INPUT DATA:
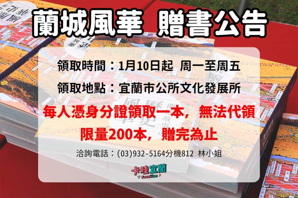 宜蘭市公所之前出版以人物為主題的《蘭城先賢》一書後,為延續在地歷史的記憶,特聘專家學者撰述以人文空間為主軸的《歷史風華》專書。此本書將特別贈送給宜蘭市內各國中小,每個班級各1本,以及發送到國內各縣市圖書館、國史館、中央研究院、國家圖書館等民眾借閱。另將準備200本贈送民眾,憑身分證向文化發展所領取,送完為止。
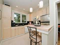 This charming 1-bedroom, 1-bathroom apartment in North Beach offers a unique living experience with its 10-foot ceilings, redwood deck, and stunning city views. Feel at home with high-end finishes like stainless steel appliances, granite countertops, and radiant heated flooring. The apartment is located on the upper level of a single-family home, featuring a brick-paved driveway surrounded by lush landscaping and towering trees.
---
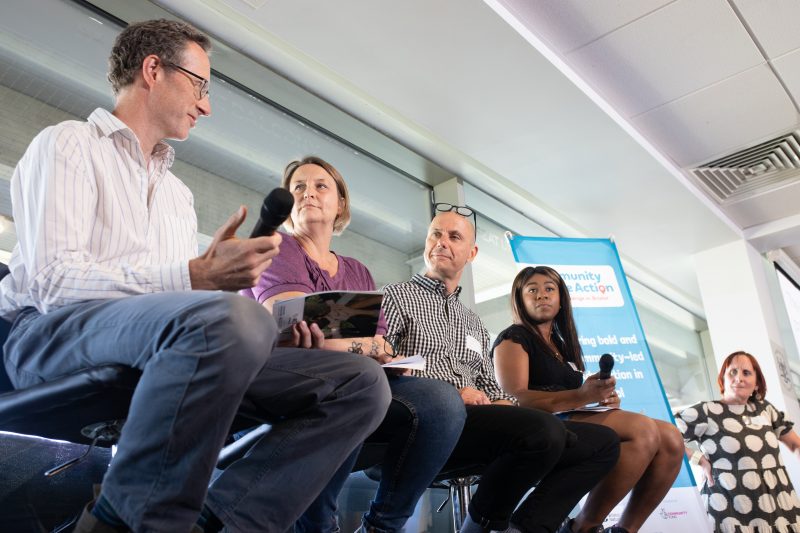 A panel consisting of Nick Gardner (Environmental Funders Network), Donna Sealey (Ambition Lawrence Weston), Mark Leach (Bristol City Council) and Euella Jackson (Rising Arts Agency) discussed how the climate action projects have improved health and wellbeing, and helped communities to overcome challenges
...
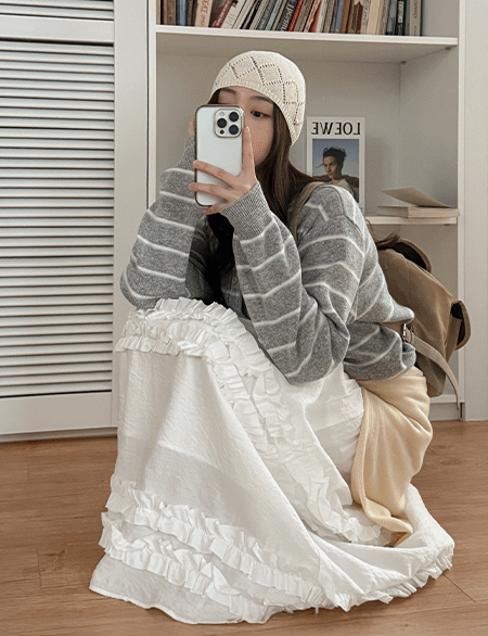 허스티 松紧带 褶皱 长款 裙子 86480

WHAT IS REQUIRED: From the material above, output only the span of lines that starts at the one containing "宜蘭市公所之前出版以人物為主" and finishes at the one containing "This charming 1-bedroom, 1-bathroom", word for word and free of pictures.

ANSWER TO THIS TASK:
 宜蘭市公所之前出版以人物為主題的《蘭城先賢》一書後,為延續在地歷史的記憶,特聘專家學者撰述以人文空間為主軸的《歷史風華》專書。此本書將特別贈送給宜蘭市內各國中小,每個班級各1本,以及發送到國內各縣市圖書館、國史館、中央研究院、國家圖書館等民眾借閱。另將準備200本贈送民眾,憑身分證向文化發展所領取,送完為止。
 This charming 1-bedroom, 1-bathroom apartment in North Beach offers a unique living experience with its 10-foot ceilings, redwood deck, and stunning city views. Feel at home with high-end finishes like stainless steel appliances, granite countertops, and radiant heated flooring. The apartment is located on the upper level of a single-family home, featuring a brick-paved driveway surrounded by lush landscaping and towering trees.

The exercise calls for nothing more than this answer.